Architecture
This document describes the technical architecture and design decisions behind SchemaX.
Overview
SchemaX implements a provider-based, snapshot-driven schema versioning system. The core principle is to maintain an append-only operation log with periodic snapshots, enabling both state-based and change-based workflows across multiple catalog types (Unity Catalog, Hive Metastore, PostgreSQL, etc.).
Design Goals
- Git-Friendly: Store schema definitions in human-readable JSON that produces clean diffs
- Reproducible: Replay operations from a snapshot to reconstruct current state
- Performant: Fast loading even with hundreds of operations
- Auditable: Complete history of who changed what and when
- Migration-Ready: Operations can be converted to SQL migration scripts
- Extensible: Easy to add support for new catalog types via providers
- Multi-Provider: Support multiple catalog systems with unified interface
Architectural Patterns
SchemaX follows several well-established architectural patterns that work together to provide a robust, maintainable, and extensible system.
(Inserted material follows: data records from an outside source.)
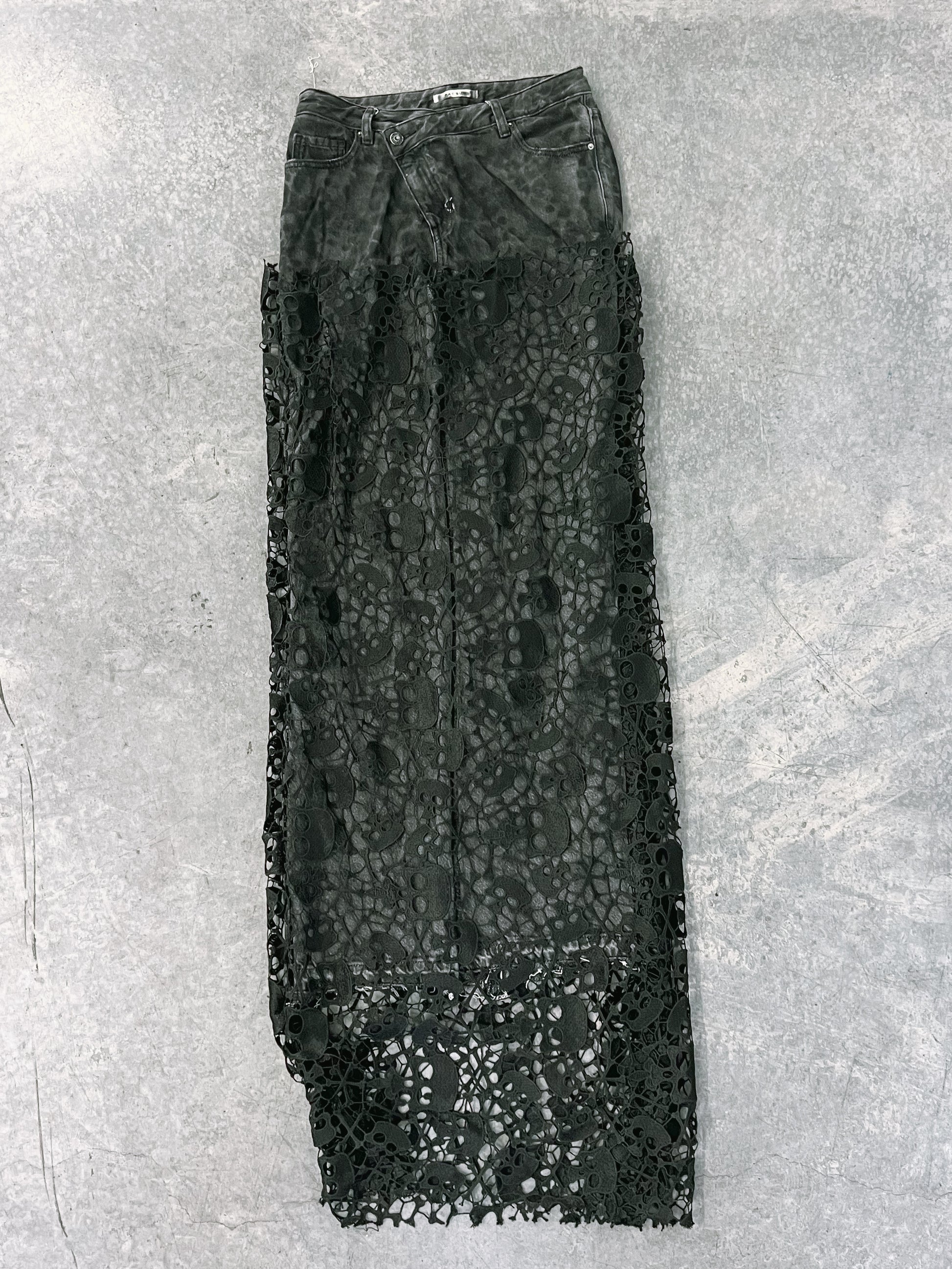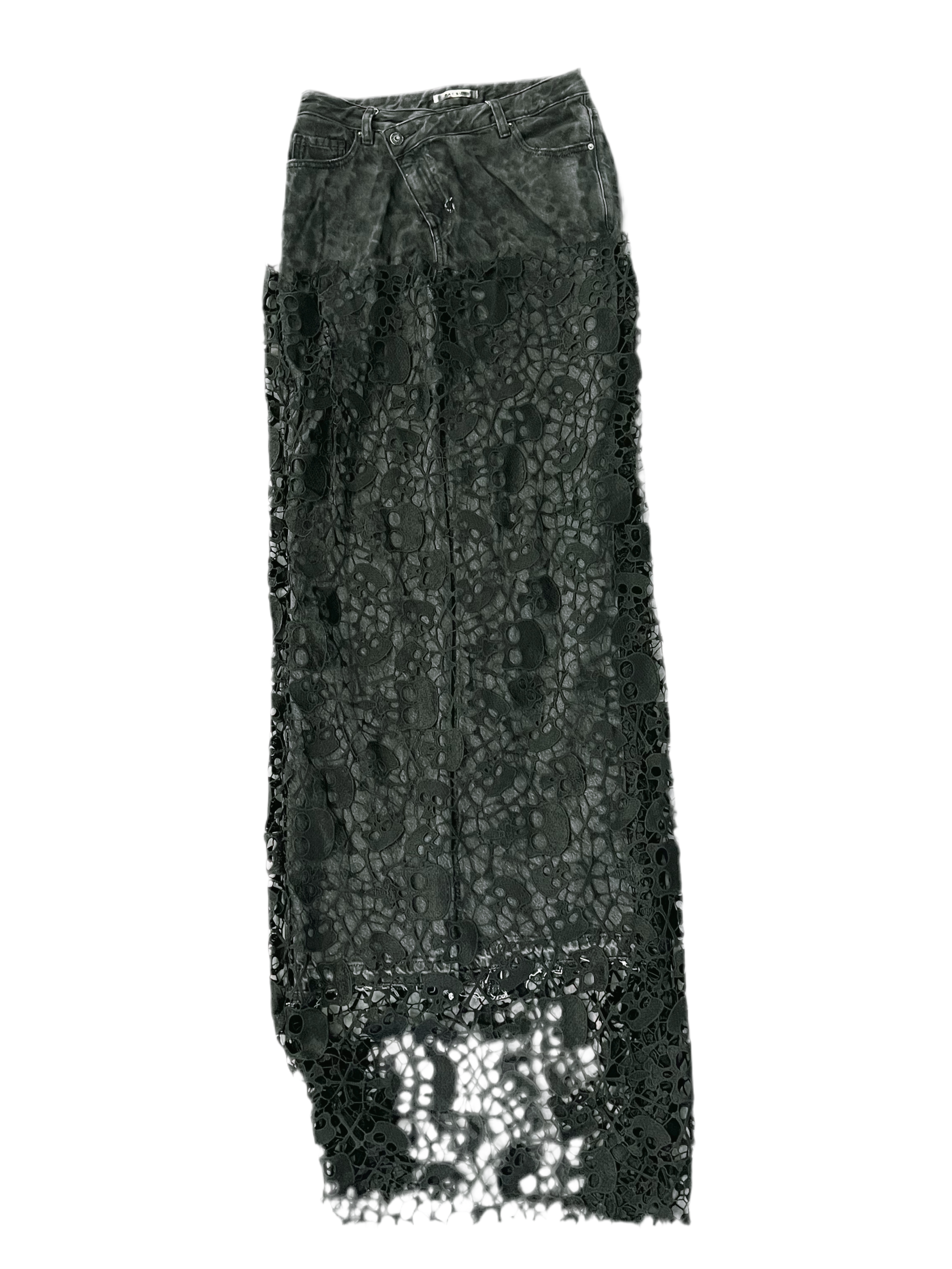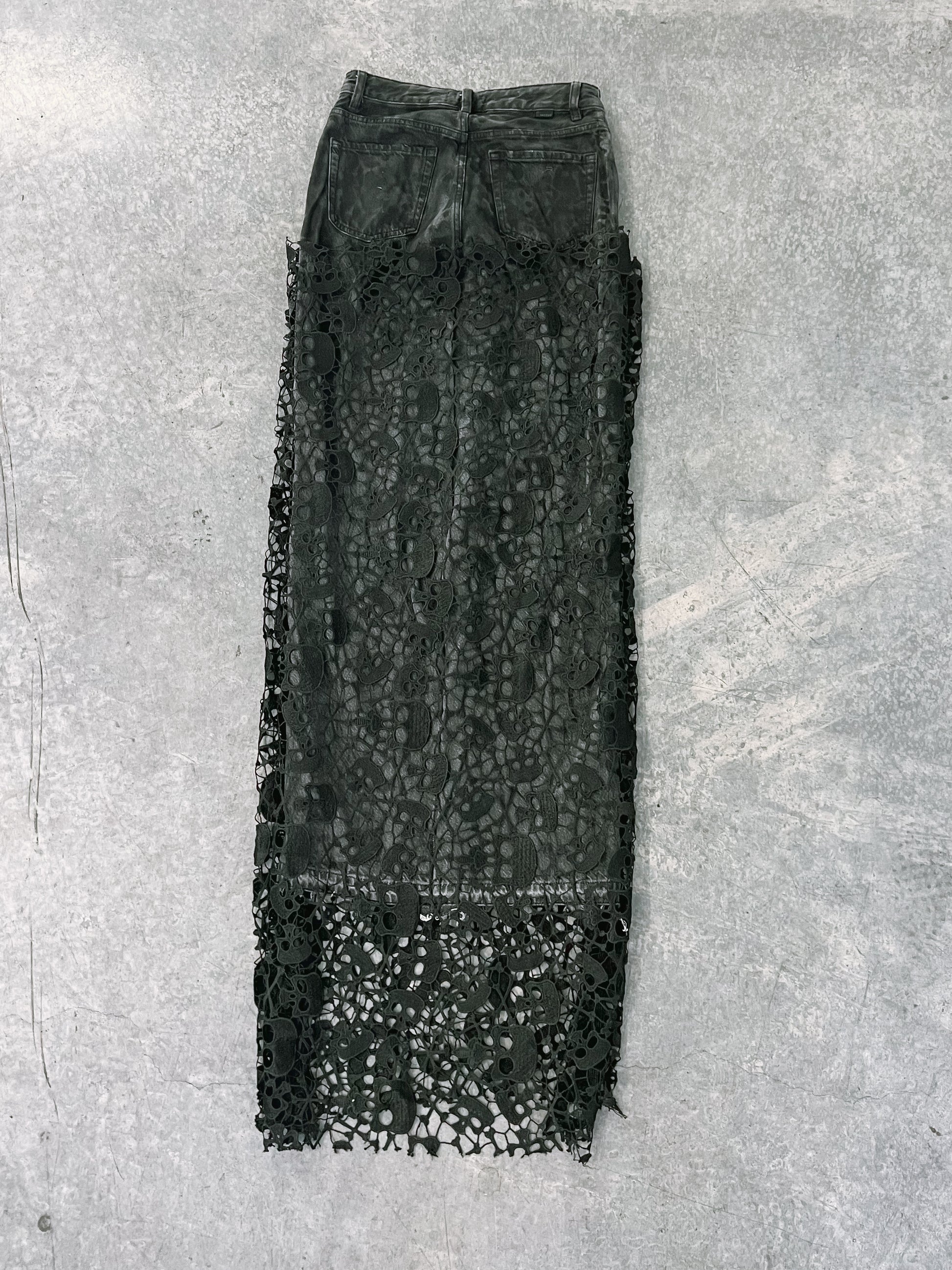 Oversized denim skirt with skull lace overlay. Skull pattern print. Can be styled as a dress.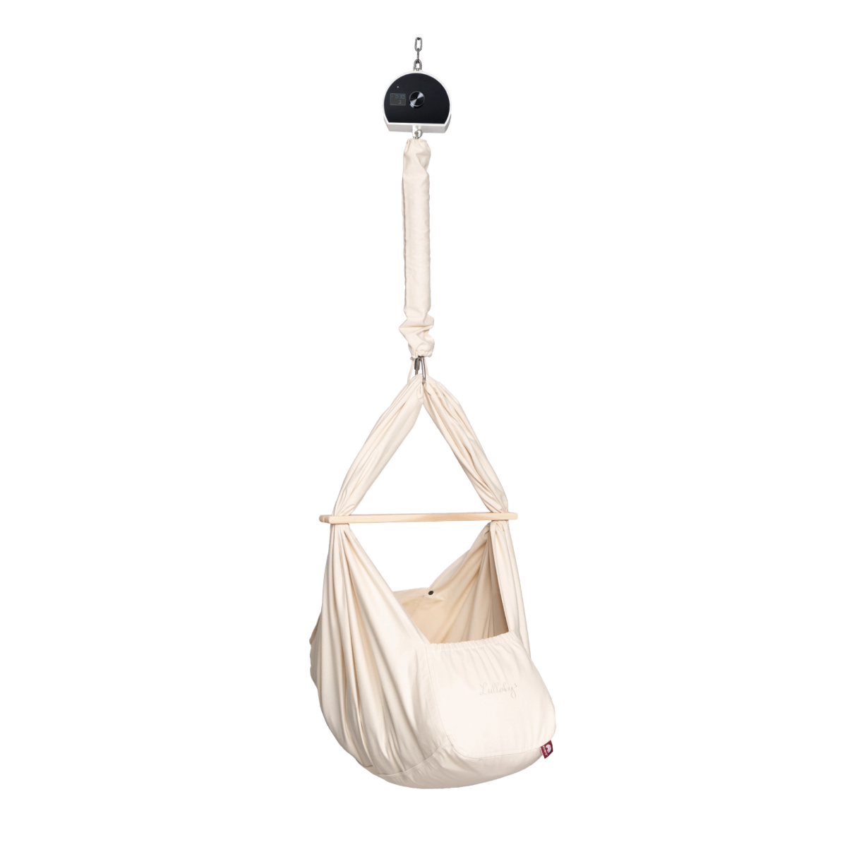 Gestell und Motor sind optional. GS-/TÜV-relevant ist ausschließlich die Nutzung der Lullaby Federwiege mit dem Tripod-Ständer, ohne Motor und ohne Deckenmontage.
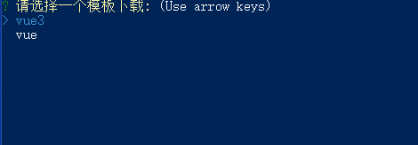 当type类型为list时,命令行窗口输出一串列表提供给用户选择.用户可以敲击键盘上下键选择不同答案,选定后按下enter键确认答案.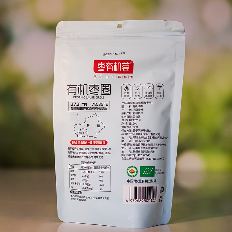 枣有机荟有机新疆纯净红枣500g即食高品质香甜食皮薄有机红枣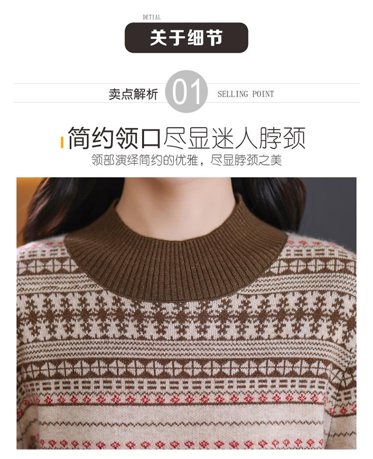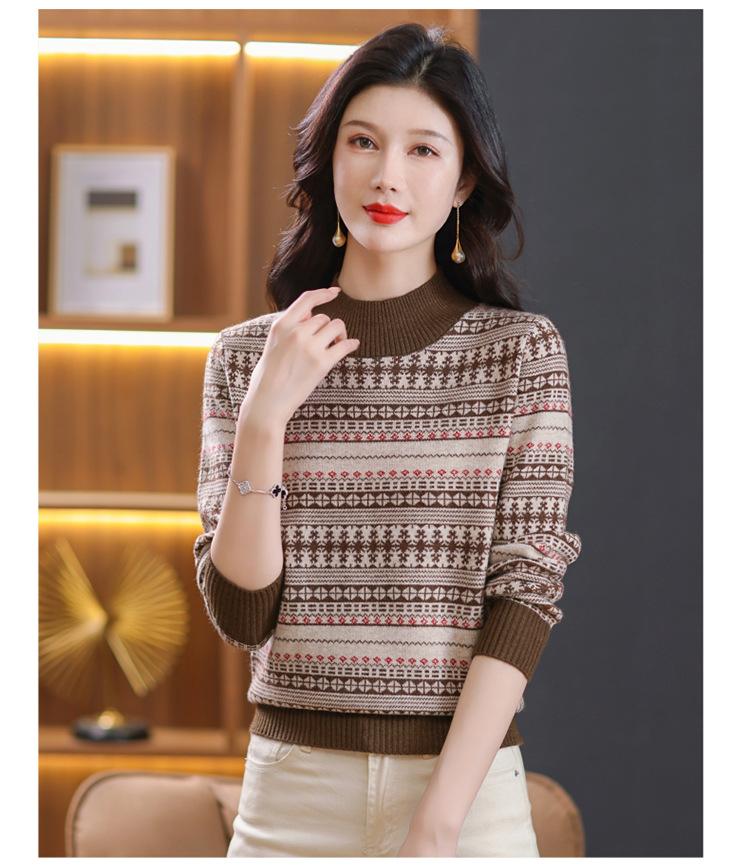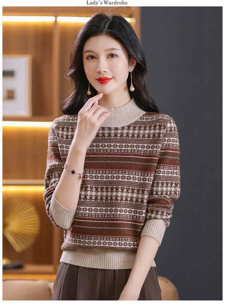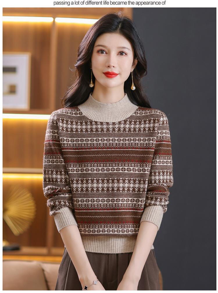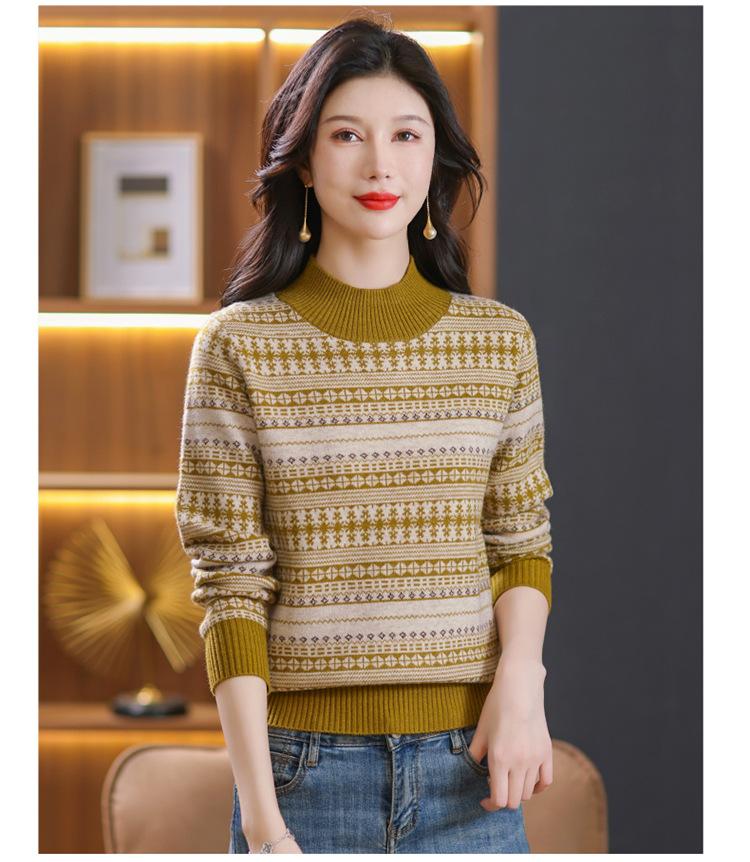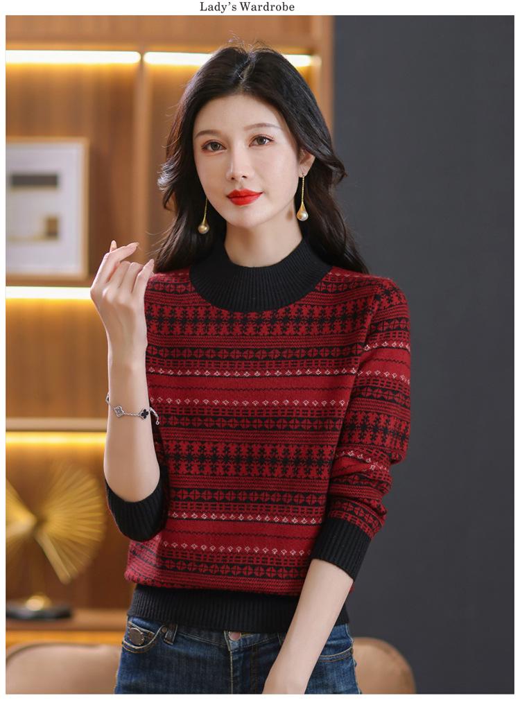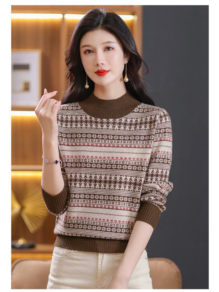 Suéter jacquard para mamá, otoño e invierno, cuello alto medio, camisa de fondo, estilo occidental de moda, nuevo suéter interior grueso de talla grande para mediana edad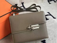 エルメスピストルバッグエルメスVerrou23cmCK18エレファントグレーパームグレイン牛革シルバーバックル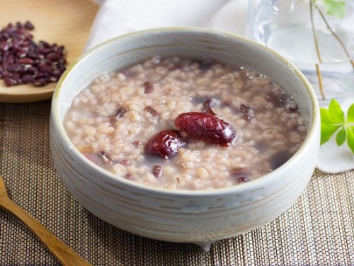 Nguyên liệu: Ý dĩ nhân 20g, đậu đỏ 30g, thổ phục linh 30g, gạo tẻ 100g.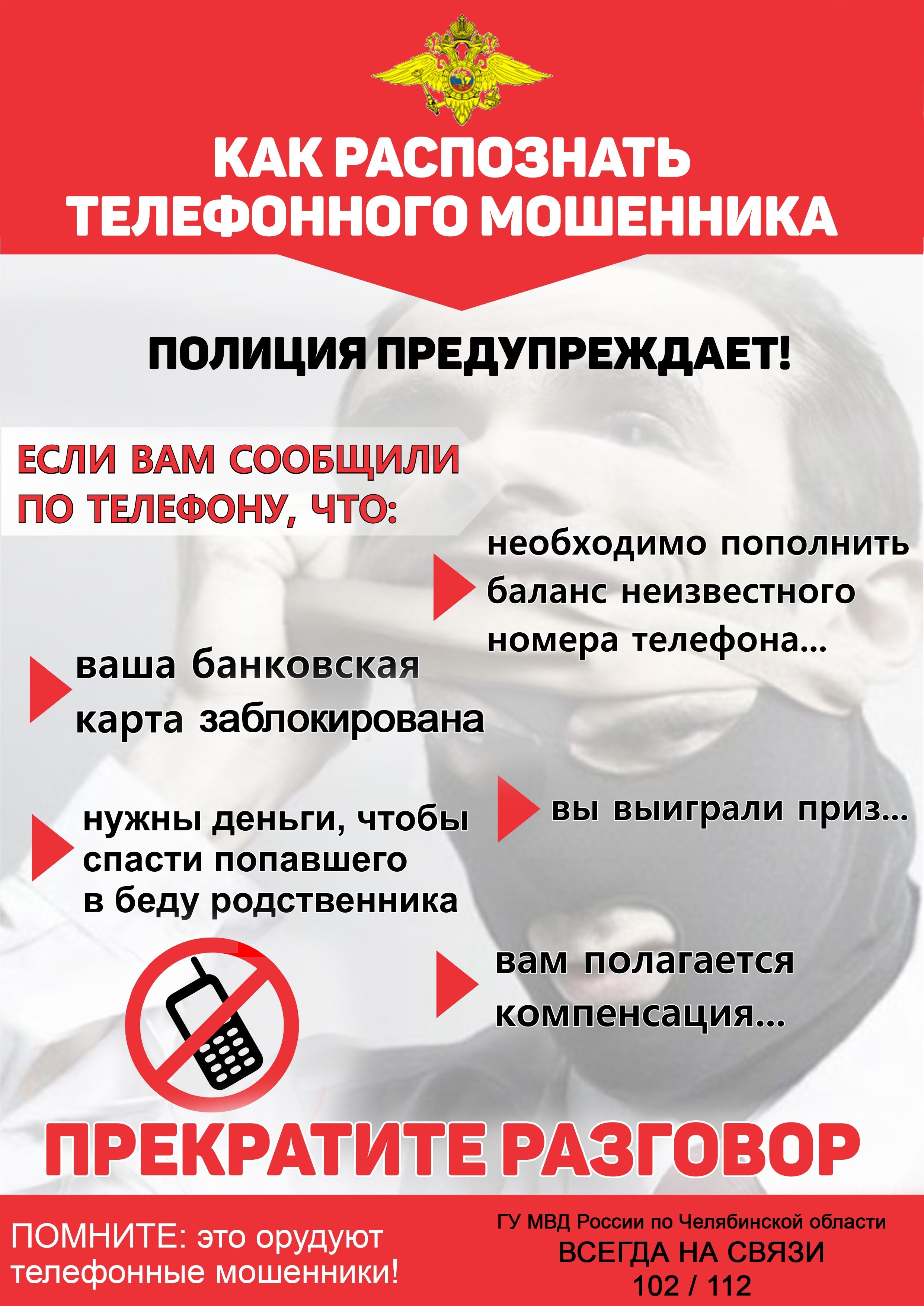 Согласно информации ГУ МВД России по Челябинской области за 12 месяцев 2021 года на территории области зарегистрировано 65299 преступлений, из них каждое шестое, 10302 совершено с использованием информационно-коммуникационных технологий (2020 год – 10180). Южноуральцы в 2021 году отдали мошенникам, которые действовали с помощью информационно-коммуникационных технологий более 1 млрд рублей. Подавляющее большинство преступлений указанной категории совершается с применением методов «социальной инженерии», то есть доступа к информации с помощью телекоммуникационных сетей для общения с потерпевшими (сотовой связи, ресурсов сети Интернет). Чаще всего мошенники используют все более изощренные способы: звонят с коротких абонентских номеров, либо используют номера московского региона (495….,499…..,800….), представляются сотрудниками банка, которым зачастую известны ваши личные данные, так же совершают звонки, представляясь, сотрудниками полиции и убеждают граждан в необходимости перевода денежных средств на расчетный счет мошенников. Напоминаем, для того чтобы не стать жертвами мошенников необходимо придерживаться простых правил: - не выполнять никаких операций со своими картами по инструкциям от неизвестных лиц по телефону; - помнить, что для перечисления денежных средств на Вашу карту, достаточно знать только ее номер; - не перечислять деньги своим друзьям или родственникам через социальные сети, предварительно не созвонившись с ними; - заказывая товары посредством сети Интернет, доверять только проверенным сайтам или производить оплату при получении товара; Помните, что Ваша безопасность зависит только от Вас! |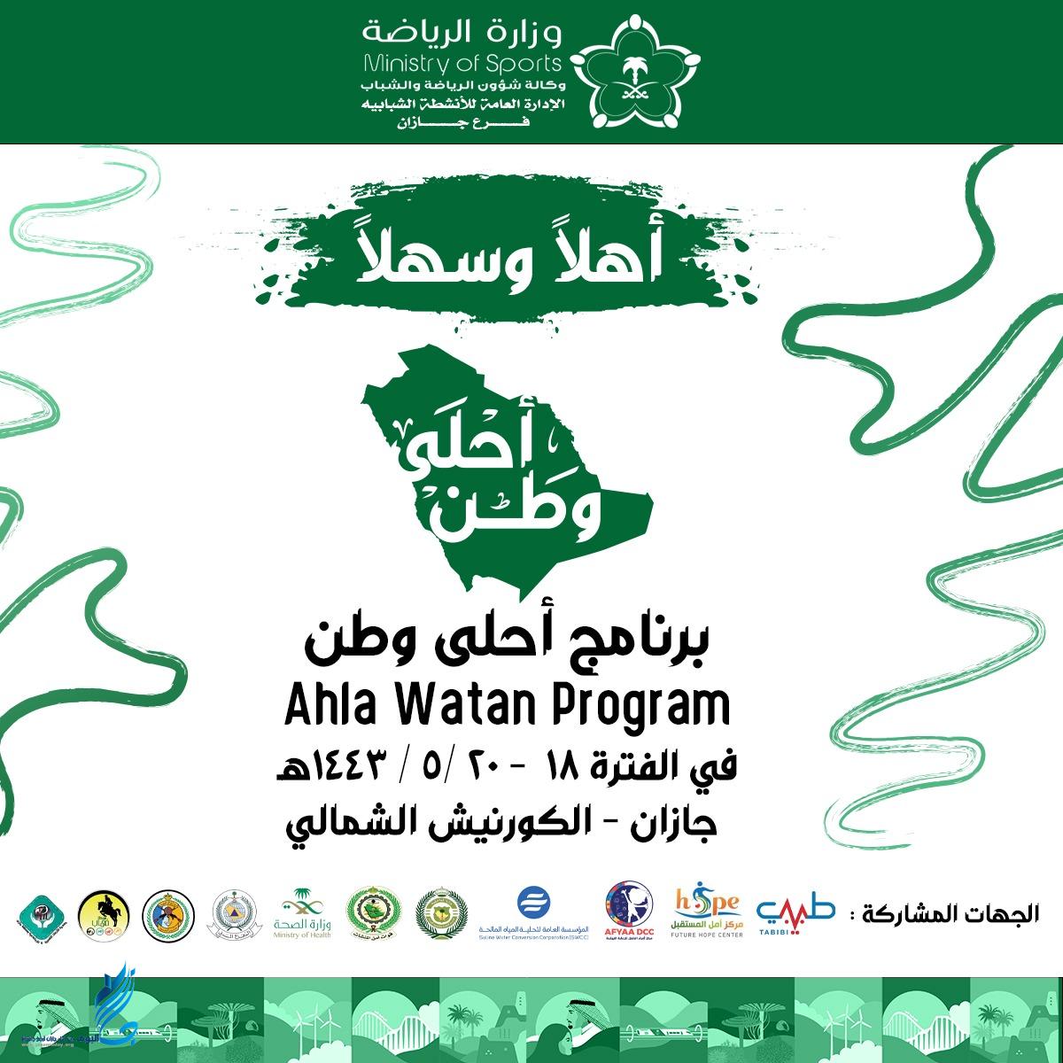 يُطلق فرع وزارة الرياضة بمنطقة جازان مساء غدٍ الأربعاء ، فعاليات برنامج ” أحلى وطن “، بإشراف وكالة شؤون الرياضة والشباب – الإدارة العامة للأنشطة الشبابية ، وذلك بالكورنيش الشمالي بمدينة جيزان.

Primary Pattern: Event Sourcing
The foundation of SchemaX is Event Sourcing - all changes are stored as immutable events (operations) in an append-only log.
Implementation:
// Operations are immutable events
interface Operation {
id: string;
ts: string;
provider: string;
op: string;
target: string;
payload: Record<string, any>;
}
// Current state = replay all operations from a snapshot
state = loadSnapshot(latestSnapshot);
for (const operation of changelog.ops) {
state = provider.applyOperation(state, operation);
}
Key Characteristics:
- ✅ Append-only log (
changelog.json) - ✅ Operations never modified or deleted
- ✅ Complete audit trail
- ✅ Time-travel capability via snapshots
- ✅ State is derived, not stored directly
Benefits:
- Full history of all changes
- Can reconstruct state at any point
- Easy debugging ("what happened?")
- Enables undo/redo capabilities
Snapshot + Delta Pattern
Optimization of Event Sourcing to prevent unbounded operation log growth.
Implementation:
State at v0.3.0 =
load_snapshot("v0.2.0") +
apply_operations(changelog.ops)
.schemax/
├── snapshots/v0.2.0.json ← Full state checkpoint
└── changelog.json ← Only ops since v0.2.0
Benefits:
- Fast state loading (no need to replay 1000s of operations)
- Bounded memory usage
- Clean separation of committed vs uncommitted changes
Plugin Architecture (Provider System)
Extensibility through providers - catalog-specific implementations plugged into a common interface.
Implementation:
// Base contract
interface Provider {
info: ProviderInfo;
capabilities: ProviderCapabilities;
applyOperation(state: ProviderState, op: Operation): ProviderState;
getSQLGenerator(state: ProviderState): SQLGenerator;
validateOperation(op: Operation): ValidationResult;
}
// Implementations
class UnityProvider implements Provider { ... }
class HiveProvider implements Provider { ... }
class PostgresProvider implements Provider { ... }
// Registry
ProviderRegistry.register(unityProvider);
Key Characteristics:
- ✅ Open/Closed Principle (open for extension, closed for modification)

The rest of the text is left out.